The Kempner series recently regained some notoriety due to a Saturday Morning Breakfast Cereal comic (the last panel). The observation first appeared in a 1914 article in the American Mathematical Monthly, in which it was shown that the series consisting of the usual harmonic series \[ \sum_{n = 1}^{\infty} \frac{1}{n}\] but with all the terms, whose decimal expansion includes the digit '9', removed, in fact converges to some number below 80. The original proof is given in the Wikipedia article linked above, so I will not repeat it. But to make it easier to see the idea: let us first think about the case where the number is expressed in base 2. In base 2, all the positive integers has the leading binary bit being 1 (since it cannot be zero). Therefore there are no binary positive numbers without the bit '1' in its expansion. So the corresponding series converges trivially to zero. How about the case of the bit '0'? The only binary numbers without any '0' bits are \[ 1, 3 = (11)_2, 7 = (111)_2, 15 = (1111)_2, \ldots, 2^n - 1. \] So the corresponding series actually becomes \[ \sum_{n = 1}^\infty \frac{1}{2^n - 1} \leq \sum_{n = 1}^\infty \frac{1}{2^{n-1}} = 2. \]
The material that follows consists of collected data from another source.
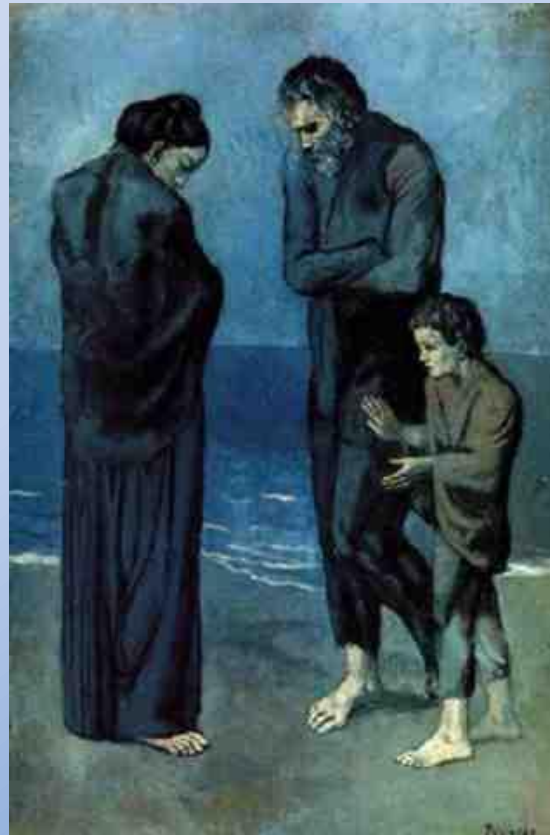
Pablo Picasso, Pobres à beira-mar , 1903
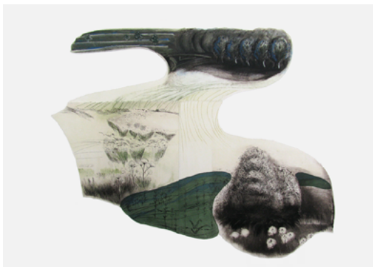
LOCATIE: HABERGY, WALLONIË (ZUID-BELGIË) Tussenheuvels - 98 x 78 cm Wilde bloemen - Reeks van 6, 16 x 29 cm
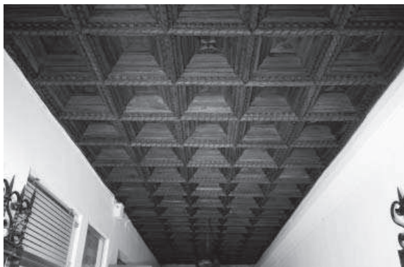
10. Artesonado de la galería de entrada desde la Plaza del Potro al Museo de Bellas Artes y al Julio Romero de Torres. Procede del convento de San Francisco de Lucena. (Foto: Álvaro Holgado).

obligaba a enviar al Museo de Bellas Artes el artesonado de casetones triangulares que custodiaban los franciscanos en su convento tras su intento frustrado de venta 32 .
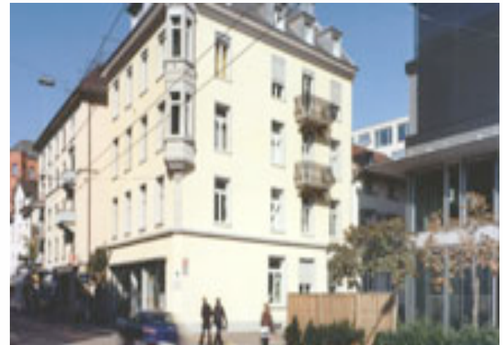
Zentrum für Soziale Psychiatrie, Militärstrasse 8, 8004 Zürich
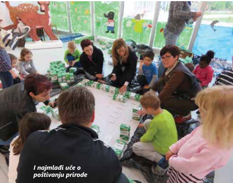
I najmlađi uče o poštivanju prirode
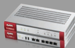
Zyxel USG40/60 Pare-feu UTM et VPN
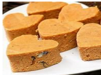
Moi moi (pâte d'oeufs)
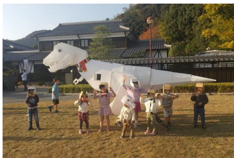
工房ヒゲキタ 出張お散歩着ぐるみ外骨格恐竜“うちのシロ”
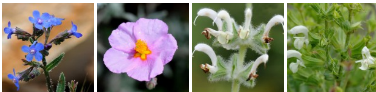
צמחים אופייניים בצמחיית הספר בגבעת נטע. מימין לשמאל - מרווה מלבינה, מרווה ריחנית, שמשון הדור, לשון-פר סמורה להגדלה - לחצו על התמונות
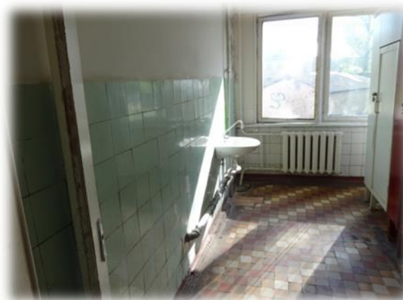
Prūšu iela 25A – koplietošanas labierīcības
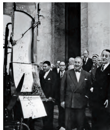
fig. 7. Méta-matic n° 17 en la Bienal de París, 1959
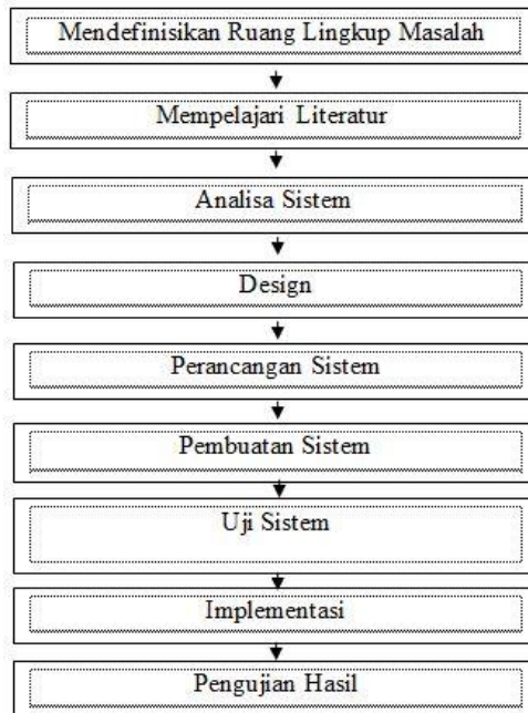
Gambar 1. Metodologi Penelitian

Kerangka kerja ini merupakan langkah-langkah yang akan dilakukan dalam rangka penyelesaian masalah yang akan dibahas, seperti gambar 1:
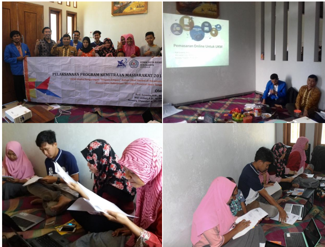
Gambar 3 Pelaksanaan Pelatihan

dengan materi pelatihan. Nilai rata-rata peserta setelah pelatihan adalah 91,67% menurut Tim PKM hasil tersebut mengindikasikan bahwa peserta memahami teori dan praktik terkait dengan materi pelatihan karena dalam pertanyaan terdapat praktik seperti “Bagaimana tahapan posting produk di suatu market place ?”
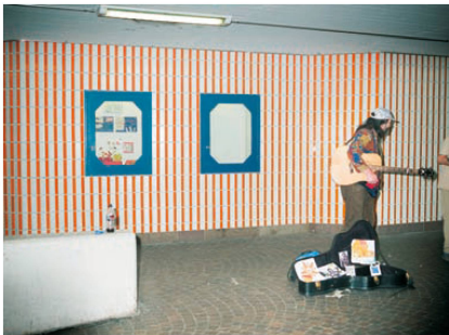
^Das bisschen Leben in der Winkelunterführung täuscht darüber hinweg, dass dieser lange und dunkle Schlauch nicht sehr einladend ist.

>Wer sich durch Olten bewegt, muss immer auch die Eisenbahn querern. Locker geht das hier am Postplatz vor allem für die Autos.
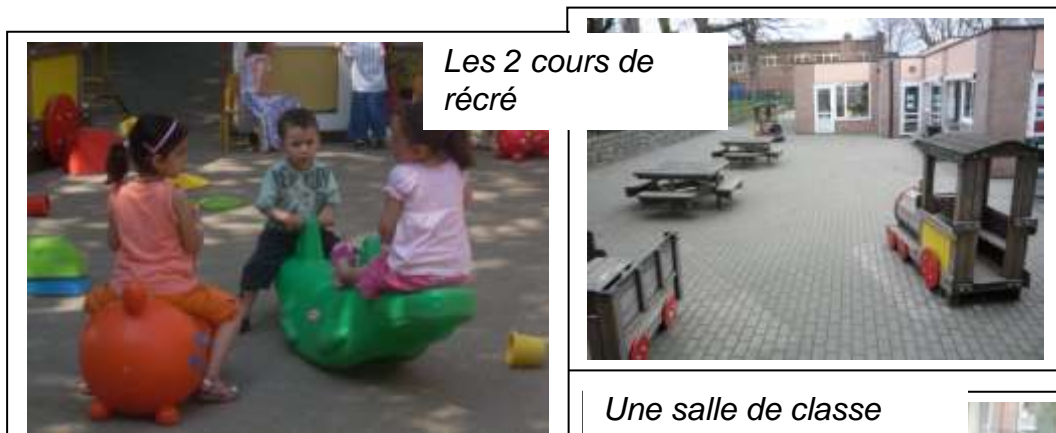
Les 2 cours de récré

Les élèves bénéficient de 2 petites cours de récréation dont une propose une plaine de jeux, de sanitaires adaptés, d'un local de gymnastique adapté à leurs besoins et d'un espace dans la bibliothèque leur proposant des livres adaptés à leur âge.
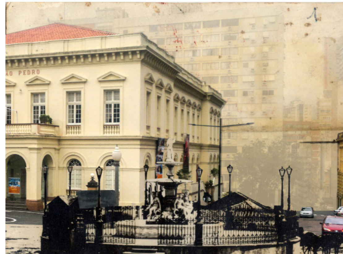
Figura 4 - Collage da frente do Theatro São Pedro, ressaltando a supressão da vista do Rio Guaíba ocasionada pelo crescimento dos prédios ao redor da Praça da Matriz. Felipe Rodrigues, 2017.

uma história deslocada, uma narrativa. A collage é o lugar onde se dá o encontro de uma linguagem amorosa, onde as figuras se revelam e exibem em sua essência, porque deixaram de ser índice através do recorte. (FUÃO, 2011, p.30-31).
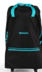
Bolsa de transporte
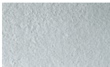
Primário de regularização da superfície com função de primário promotor de aderência KEIM Contact-Plus
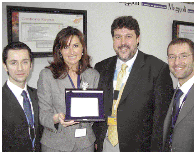
Il Sindaco Angelo Vaccarezza, in occasione del Salone delle Autonomie Locali che si è svolto a Rimini, ritira la targa del premio "e-Gov" per il progetto della videosorveglianza
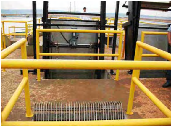
Encarnación市 ヤシレタ公園建設 下水処理場 一次処理
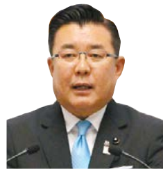
議員 伊沢 勝徳 いばらき自民党 土浦市選出 一括方式
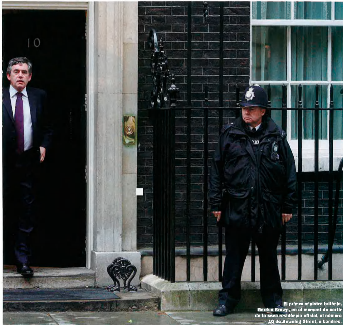
El primer ministre britànic, Gordon Brown, en el moment de sortir de la seva residència oficial, al número 10 de Downing Street, a Londres.
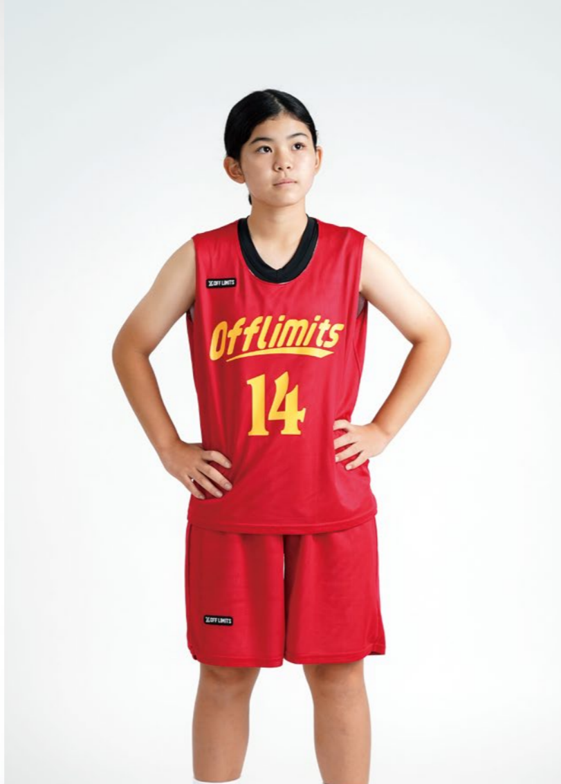
モデル身長:151cm 着用サイズ:上M,下S レディースシャツ
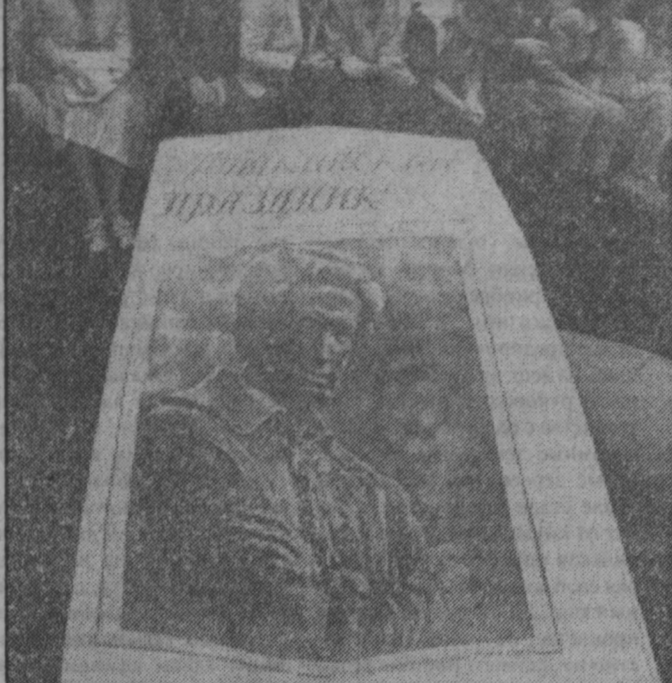
6 июня — 29-й пушкинский праздник поэзии. посвященный 196-летию со дня рождения А.С.Пушкина.

С работами Новокузнецкого театра кукловод познакомился также заведующий отделом детских театров Союза театральных деятелей России, критик О. Глазунова и ответственный секретарь Российского отделения

So somewhere from the heavily divergent harmonic series, we pick up a rapidly converging geometric series. So what's at work here? Among all the $n$-bit binary numbers, exactly 1 has all bits not being 0. So the density of these kinds of numbers decays rather quickly: in base 2, there are $2^{n-1}$ numbers that are exactly $n$-bit long. So if a number $x$ has a binary representation that is exactly $n$ bits long (which means that $2^{n} \leq x < 2^{n+1}$), the chances that it is one of the special type of numbers is $\frac{1}{2^{n-1}} \approx \frac{2}{x}$. This probability we can treat then as a density: replacing the discrete sum $\sum \frac{1}{n}$ by the integral $\int \frac{1}{x}\mathrm{d}x$ (calculus students may recognize this as the germ of the "integral test") and replacing the $\mathrm{d}x$ by the density $\frac{2}{x} \mathrm{d}x$, we get the estimate \[ \text{Binary Kempner series } \approx \int_1^\infty \frac{2}{x^2} = 2.\]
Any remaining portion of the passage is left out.